THE RECORDS:
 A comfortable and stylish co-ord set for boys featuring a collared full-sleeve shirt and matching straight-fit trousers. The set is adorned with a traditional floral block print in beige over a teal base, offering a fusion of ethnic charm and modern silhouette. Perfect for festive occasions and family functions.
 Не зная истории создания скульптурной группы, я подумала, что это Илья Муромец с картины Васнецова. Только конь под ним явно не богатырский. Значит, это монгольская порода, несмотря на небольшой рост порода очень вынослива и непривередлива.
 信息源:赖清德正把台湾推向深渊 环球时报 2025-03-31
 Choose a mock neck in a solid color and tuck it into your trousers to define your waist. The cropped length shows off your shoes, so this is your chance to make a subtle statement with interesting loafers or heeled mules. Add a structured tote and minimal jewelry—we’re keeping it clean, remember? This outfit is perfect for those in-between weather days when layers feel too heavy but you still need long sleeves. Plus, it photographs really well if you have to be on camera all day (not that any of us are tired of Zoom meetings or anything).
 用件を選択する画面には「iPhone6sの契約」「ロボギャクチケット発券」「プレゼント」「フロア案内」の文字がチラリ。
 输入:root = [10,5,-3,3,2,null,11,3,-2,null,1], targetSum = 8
==
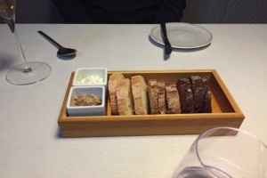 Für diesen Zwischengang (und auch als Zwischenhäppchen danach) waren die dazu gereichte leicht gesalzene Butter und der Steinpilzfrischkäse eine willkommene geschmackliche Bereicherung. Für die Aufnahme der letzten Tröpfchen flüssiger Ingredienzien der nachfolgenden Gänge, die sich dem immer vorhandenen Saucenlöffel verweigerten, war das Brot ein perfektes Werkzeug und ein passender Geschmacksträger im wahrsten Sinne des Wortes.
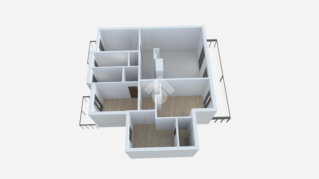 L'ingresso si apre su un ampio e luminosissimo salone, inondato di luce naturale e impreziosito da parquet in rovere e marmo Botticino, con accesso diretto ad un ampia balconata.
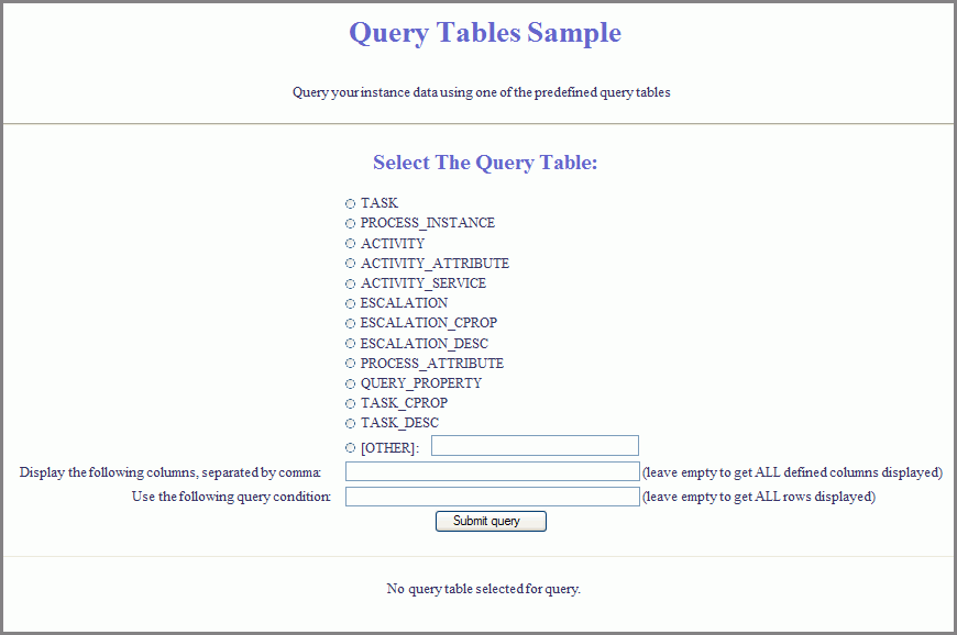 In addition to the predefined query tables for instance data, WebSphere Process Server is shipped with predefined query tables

ACTIVITY:
List all lines above in which the string "trousers" appears.

SOLUTION BELOW:
 A comfortable and stylish co-ord set for boys featuring a collared full-sleeve shirt and matching straight-fit trousers. The set is adorned with a traditional floral block print in beige over a teal base, offering a fusion of ethnic charm and modern silhouette. Perfect for festive occasions and family functions.
 Choose a mock neck in a solid color and tuck it into your trousers to define your waist. The cropped length shows off your shoes, so this is your chance to make a subtle statement with interesting loafers or heeled mules. Add a structured tote and minimal jewelry—we’re keeping it clean, remember? This outfit is perfect for those in-between weather days when layers feel too heavy but you still need long sleeves. Plus, it photographs really well if you have to be on camera all day (not that any of us are tired of Zoom meetings or anything).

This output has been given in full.